▶ Assignment
Print every line below exactly. Skip the pictures.

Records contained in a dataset
*** Begin section ***
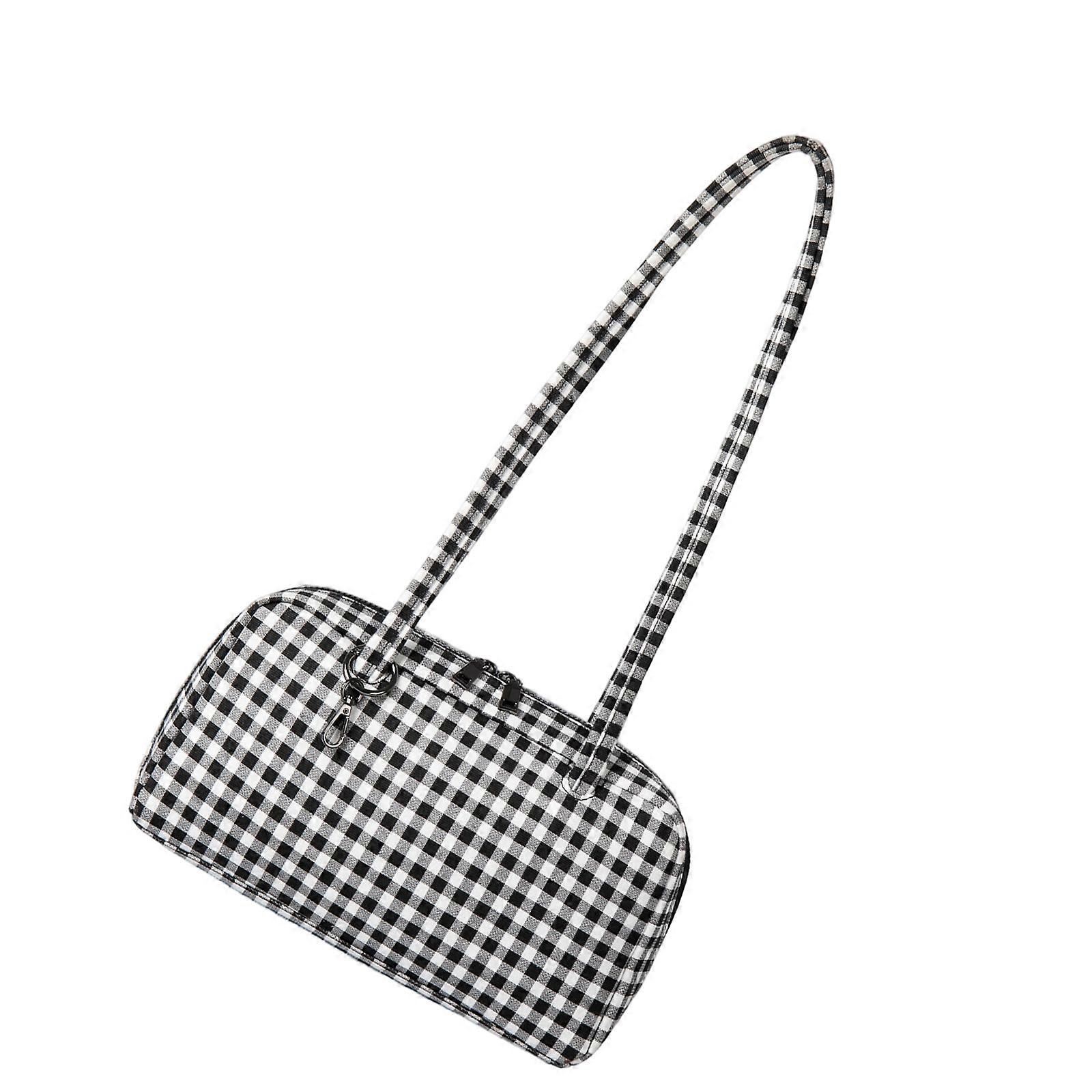 Modern Plaids ShoulderBag For Women Soft Textured Suedes Fabric Roomy Interior Inspired Work Bag lattice
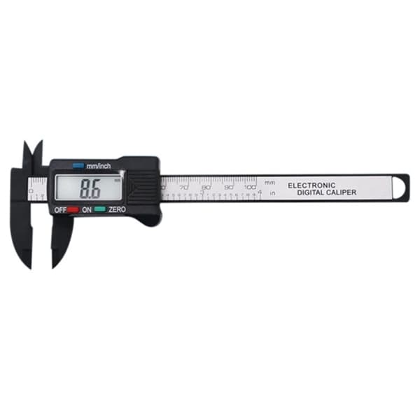 Digital skydelære, udformet for måling af indre og ydre diameter, dybde og trin. Et beskyttende plasthylster til opbevaring medfølger. LCD-skærmen er stor og viser et tydeligt og letlæst måleresultat. Du kan manuelt skifte mellem tommer og milimeter.Måleområde: 0-100 mm (0-4 tommer)Aflæsning: 0,1 mm (0,01 tommer)Nøjagtighed: +/- 0,2 mm (0,01 tommer)Testet og kalibreret ved fremstillingen for at nå ekstrem nøjagtighed.SpecifikationMateriale: Plast, kulfiberStørrelse: 177 x 60 mm
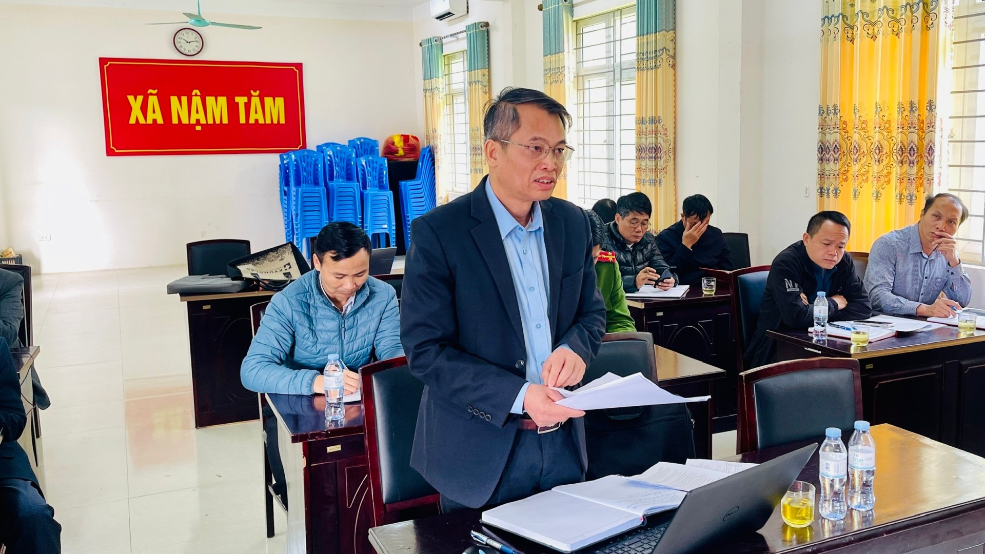 Lãnh đạo xã Nậm Tăm báo cáo kết quả triển khai công tác đảm bảo ATTP năm 2025.
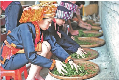 Cazloegbauj youq Gvangjsih dwg cungj cazndaem ceiq mizmingz haenx, gij lizsij de daengz seizneix gaenq miz 1500 lai bi, soqlaiz miz “nding、noengz、gaeuq、swnh” seiq cungj daegsaek riuzmingz lajmbwn. Gvangjsih Canghnguz Yen Loegbauj Cin bya sang mok lai、ndoengfaex mwncupcup, ndigah couh ndaej ok cungj caz daegbied neix. Gij dinfwngz guh Cazloegbauj youq Loegbauj Cin Mbanjbuyij、Mbanj- daemzbingz、Mbanjseiqliux、Mbanjleixcung、Mbanjsanhbingz、Mbanjgoengbingz、Mbanjcanz daengj dieg miz lai. Gij cangjguhcaz doengh aen mbanj neix aeu gij caz gyoengqde gag ndaem haenx ma guh yienzliuh, guhcaz hix yungh gij fuengfap conzdungj cinghseuq haenx guh, ginggvaq lai aen bouhloh couh ndaej guh ok gij Cazloegbauj saek ndingfwg、feih swnh gam sangj、miz gij feih hom maklangz daeuj.
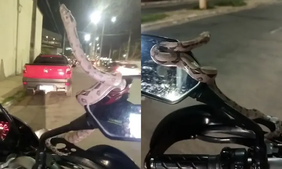 Um motociclista identificado como Francisco Alvez, de 37 anos, notou a presença de uma passageira inusitada em seu transporte, na terça-feira (30): uma jiboia. O homem notou o animal no meio do trajeto que fazia, na Zona Leste de Teresina.
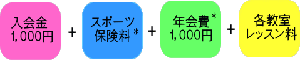 NPO法人 高崎スポーツクラブ(入会金とスポーツ保険料)に入会して、年会費1,000円と各教室・レッスンプログラムの料金を個別に別途各教室ごとにお支払いいただく参加方法です。
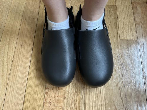 Also, the heel strap is removable, so I can just slide my feet into them. And as they’re pretty lightweight, they can even come in my hospital birth bag.
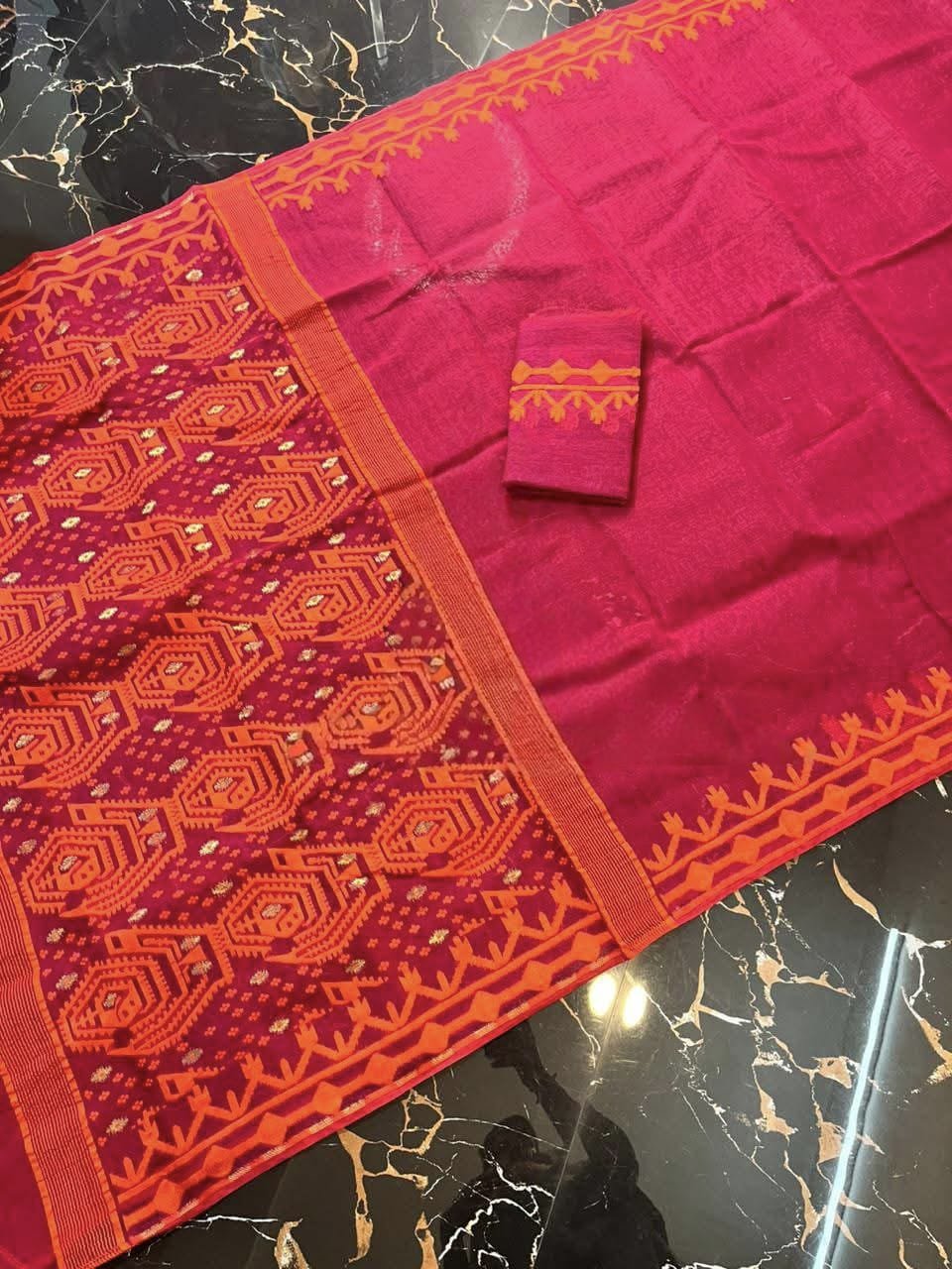 Persian Orange Soft Dhakai Jamdani Saree
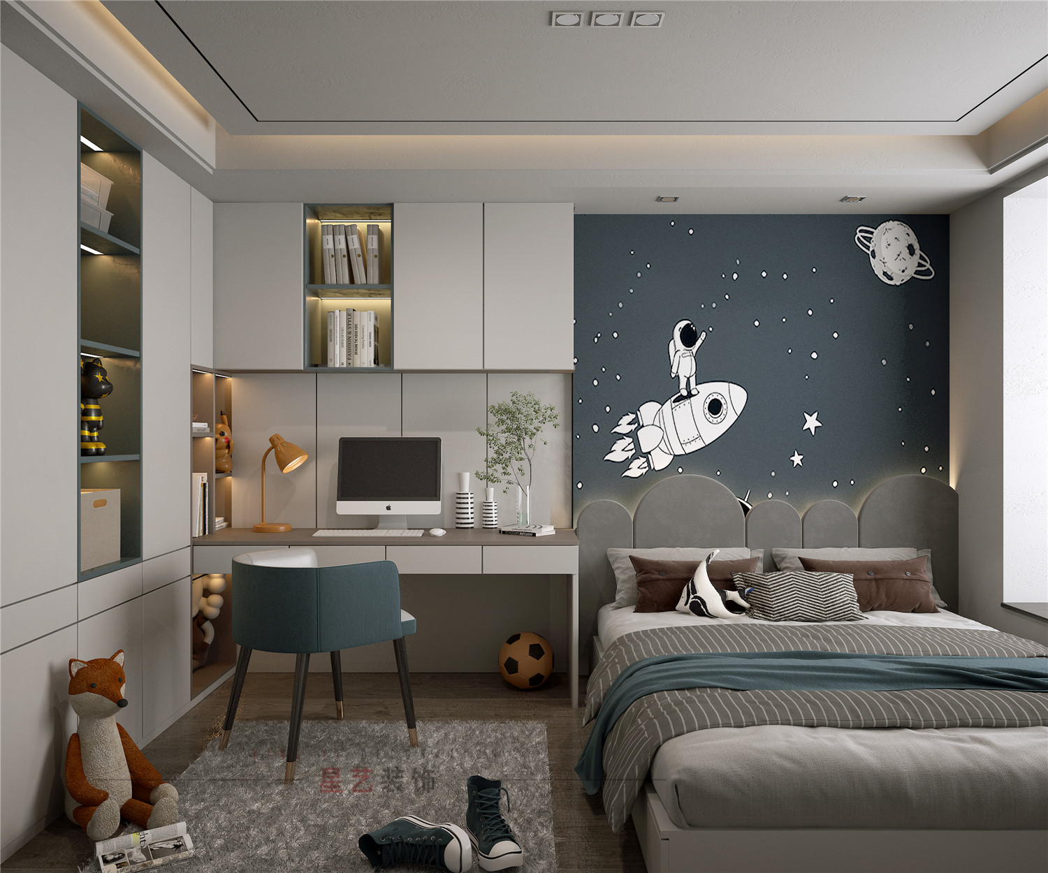 當孩子降生到這個世上,天上就會亮起一盞燈,所以有了星星。平常給孩子多一些想象,保持天真,這也是一種超能力。小孩房添上一抹藍綠色,那是青春邁向成長的顏色。
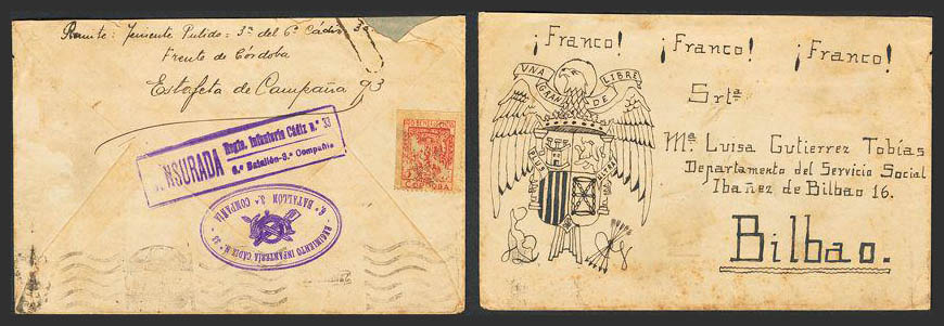 Guerra Civil. Bando Nacional. Franquicia al dorso REGIMIENTO INFANTERIA CADIZ Nº33 / 6º BATALLON 3ª COMPAÑIA, llegada. MAGNIFICA.
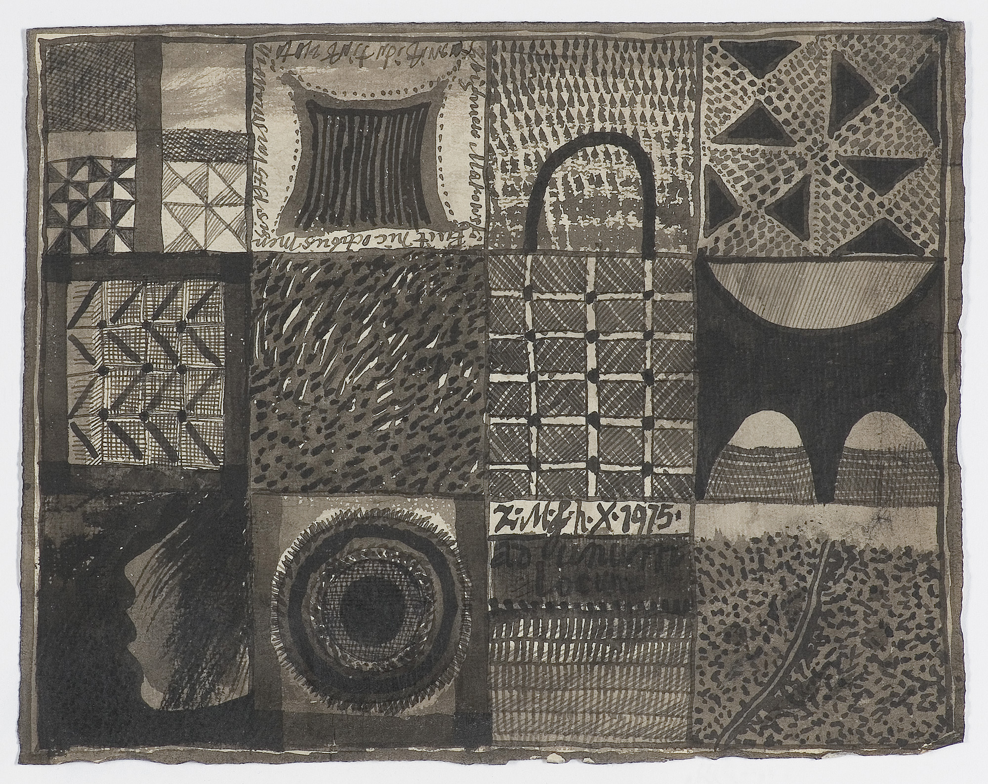 sygn. l.g. na obrzeżach kwadratu, od l.g. rogu: Zbigniew Makowski | Pixit hic octobris men | sis 1975 Varsovia [nieczyt.] | [wiersz u g. nieczyt.], na innym kwadracie p.d.: Z. M. fh. [?] X. 1975.
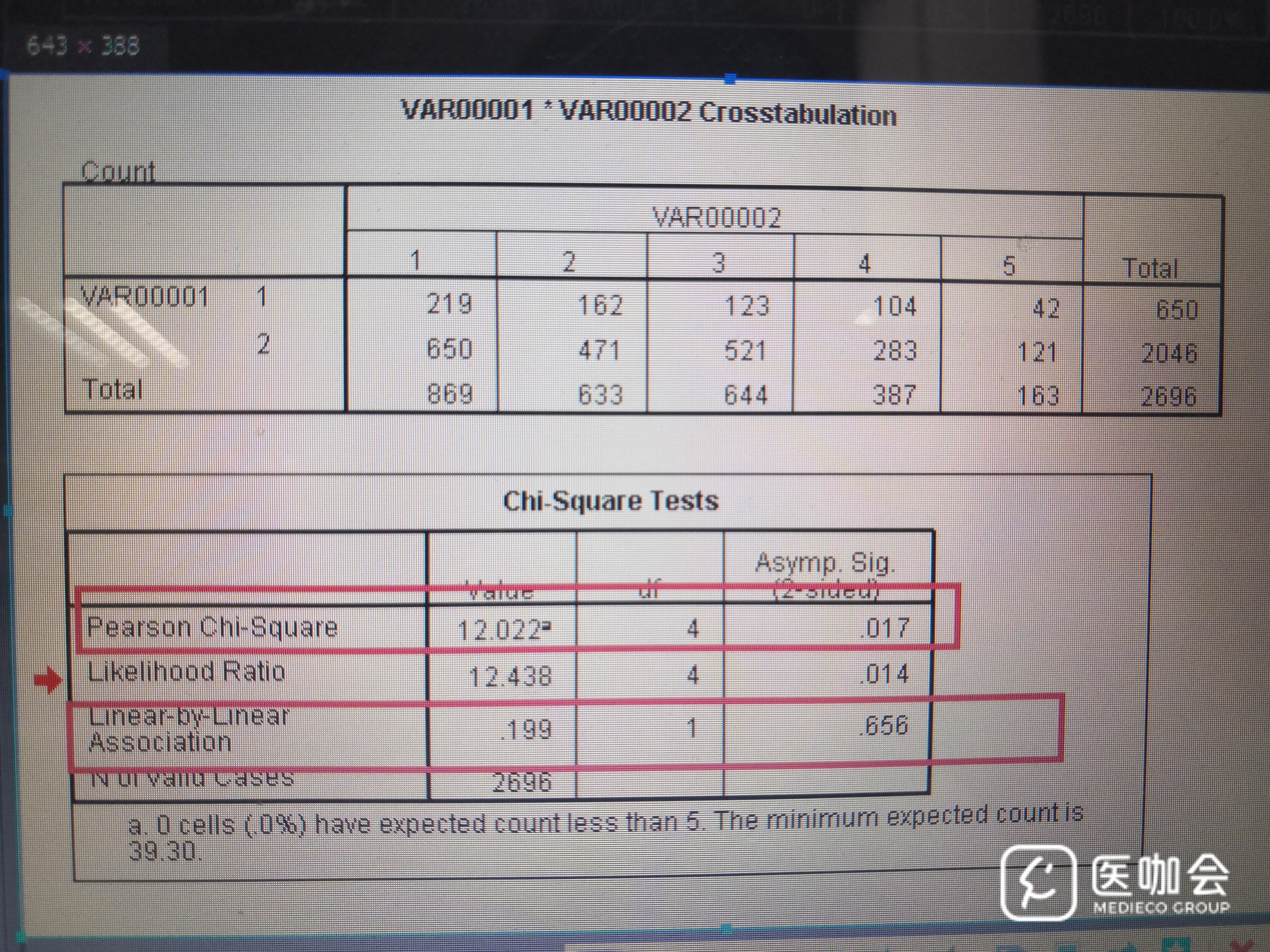 列联表卡方检验,row是性别,column是等级资料(满意度),结果是看pearon chi还是linear-by-linear association?两个结果差别挺大。如果row是无序多分类,要看什么值?
*** End section ***
▶ Solution below
 Modern Plaids ShoulderBag For Women Soft Textured Suedes Fabric Roomy Interior Inspired Work Bag lattice
 Digital skydelære, udformet for måling af indre og ydre diameter, dybde og trin. Et beskyttende plasthylster til opbevaring medfølger. LCD-skærmen er stor og viser et tydeligt og letlæst måleresultat. Du kan manuelt skifte mellem tommer og milimeter.Måleområde: 0-100 mm (0-4 tommer)Aflæsning: 0,1 mm (0,01 tommer)Nøjagtighed: +/- 0,2 mm (0,01 tommer)Testet og kalibreret ved fremstillingen for at nå ekstrem nøjagtighed.SpecifikationMateriale: Plast, kulfiberStørrelse: 177 x 60 mm
 Lãnh đạo xã Nậm Tăm báo cáo kết quả triển khai công tác đảm bảo ATTP năm 2025.
 Cazloegbauj youq Gvangjsih dwg cungj cazndaem ceiq mizmingz haenx, gij lizsij de daengz seizneix gaenq miz 1500 lai bi, soqlaiz miz “nding、noengz、gaeuq、swnh” seiq cungj daegsaek riuzmingz lajmbwn. Gvangjsih Canghnguz Yen Loegbauj Cin bya sang mok lai、ndoengfaex mwncupcup, ndigah couh ndaej ok cungj caz daegbied neix. Gij dinfwngz guh Cazloegbauj youq Loegbauj Cin Mbanjbuyij、Mbanj- daemzbingz、Mbanjseiqliux、Mbanjleixcung、Mbanjsanhbingz、Mbanjgoengbingz、Mbanjcanz daengj dieg miz lai. Gij cangjguhcaz doengh aen mbanj neix aeu gij caz gyoengqde gag ndaem haenx ma guh yienzliuh, guhcaz hix yungh gij fuengfap conzdungj cinghseuq haenx guh, ginggvaq lai aen bouhloh couh ndaej guh ok gij Cazloegbauj saek ndingfwg、feih swnh gam sangj、miz gij feih hom maklangz daeuj.
 Um motociclista identificado como Francisco Alvez, de 37 anos, notou a presença de uma passageira inusitada em seu transporte, na terça-feira (30): uma jiboia. O homem notou o animal no meio do trajeto que fazia, na Zona Leste de Teresina.
 NPO法人 高崎スポーツクラブ(入会金とスポーツ保険料)に入会して、年会費1,000円と各教室・レッスンプログラムの料金を個別に別途各教室ごとにお支払いいただく参加方法です。
 Also, the heel strap is removable, so I can just slide my feet into them. And as they’re pretty lightweight, they can even come in my hospital birth bag.
 Persian Orange Soft Dhakai Jamdani Saree
 當孩子降生到這個世上,天上就會亮起一盞燈,所以有了星星。平常給孩子多一些想象,保持天真,這也是一種超能力。小孩房添上一抹藍綠色,那是青春邁向成長的顏色。
 Guerra Civil. Bando Nacional. Franquicia al dorso REGIMIENTO INFANTERIA CADIZ Nº33 / 6º BATALLON 3ª COMPAÑIA, llegada. MAGNIFICA.
 sygn. l.g. na obrzeżach kwadratu, od l.g. rogu: Zbigniew Makowski | Pixit hic octobris men | sis 1975 Varsovia [nieczyt.] | [wiersz u g. nieczyt.], na innym kwadracie p.d.: Z. M. fh. [?] X. 1975.
 列联表卡方检验,row是性别,column是等级资料(满意度),结果是看pearon chi还是linear-by-linear association?两个结果差别挺大。如果row是无序多分类,要看什么值?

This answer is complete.